11 Mins.; One. A difference between “putting ‘em over” and “pulling ‘em in.” this was proven at Hammerstein’s Monday night. Those who made the test were Hank Gowdy, the premier swatter of the World’s Baseball Champions, and his side partner, the pitching marvel, Dick Rudolph. The team was engaged for Hammerstein’s for the week at a big figure as a box office drawing card, but judging from the house, they are failures in this particular. Rube Marquard, who sat with his wife, Blossom Seeley, in the fifth row, who must have gloried in the fact that he knew just what his confreres were passing through; however, this noted vaudevillian was there with the “Iron Hand” where it came to applause for the newcomers. The turn was introduced by the “Only Loey” who turned loose his ready wit on the audience in an introductory speech. He stated that when the battery was hired for vaudeville they confessed that they couldn’t do a thing on stage so Loney framed the act for them. It consisted of Gowdy showing signals used by him in coaching pitchers, and an explanation by Rudolph of the various style he pitched in the Series. He then warmed up and lobbed over a few to Gowdy, which ended their part of the entertainment. The audience was generous in its applause for the stars of the diamond and gave them enough to warrant a couple of bows, which they took good naturedly.
Rekoma opened, a gentlemanly athlete in a series of rapid stunts, equilibriums and leaps. This turn did not go by the boards, as most icebreakers do, but went warmly with those who came promptly.

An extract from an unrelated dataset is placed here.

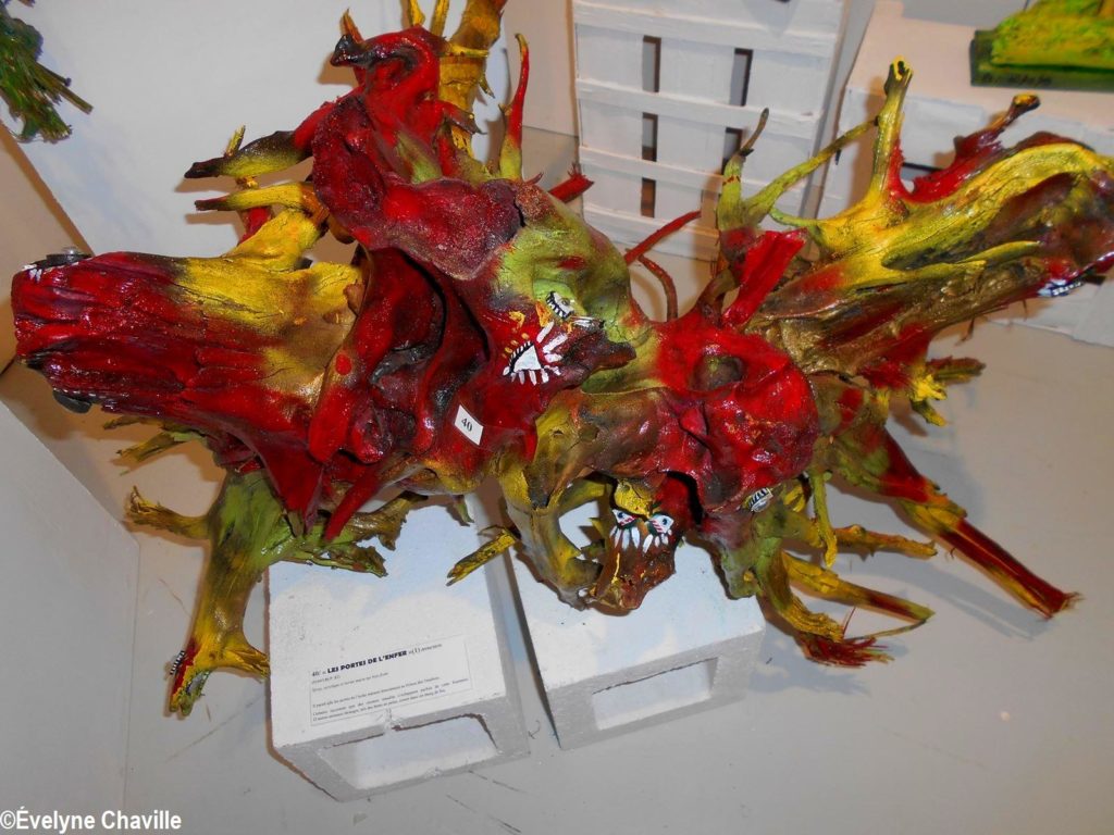 She did not have any special processing to do to prepare the driftwood and roots, they were painted with acrylic paint. It took Patricia Lollia three months to build this collection of forty pieces.

Long Tack Sam and his sextet of Chinamen athletes placed a solid hit in the third spot. The Oriental is certainly a master showman. There is something doing for every second of the twenty-odd minutes his company holds the stage, and it is all done with a view to holding the entertainment at a pace. Speed to burn is the answer, and it was appreciated by the audience with hearty applause.
9 Mins.; Full Stage. The World’s champion heavyweight announcer, Loney Haskell, introduced the world’s champion lightweight pugilist, Freddie Welsh, to the Hammerstein audience Monday night. One gained his honors by talking and the other by fighting. Both showed how they did it that evening. The Boxing Commission would not permit a sparring exhibition, so Mr. Welsh went through his simpler methods of training as a stage display. These were interesting, including pulley and floor exercises, shadow and dummy boxing. Though a lightweight, Welsh is a slimly built young man, of fair appearance, and did neatly and nicely what little he could do under the limitations imposed. As a stage attraction he should have some value, for the championship, wrested by him from Willie Ritchie, holds much concern to fight fans. There’s no doubt, however, in a long distance or finish contest between Welsh and Haskell Loney could talk him to sleep.
7 Mins.; Husky looking woman enters clad in white sweater and short leopard skin skirt, warbles a bit, swings Indian clubs, just a pair of them, then punches a couple of bags-one at a time-with a most amazing- self assurance. Crude incom8etent and amateurish.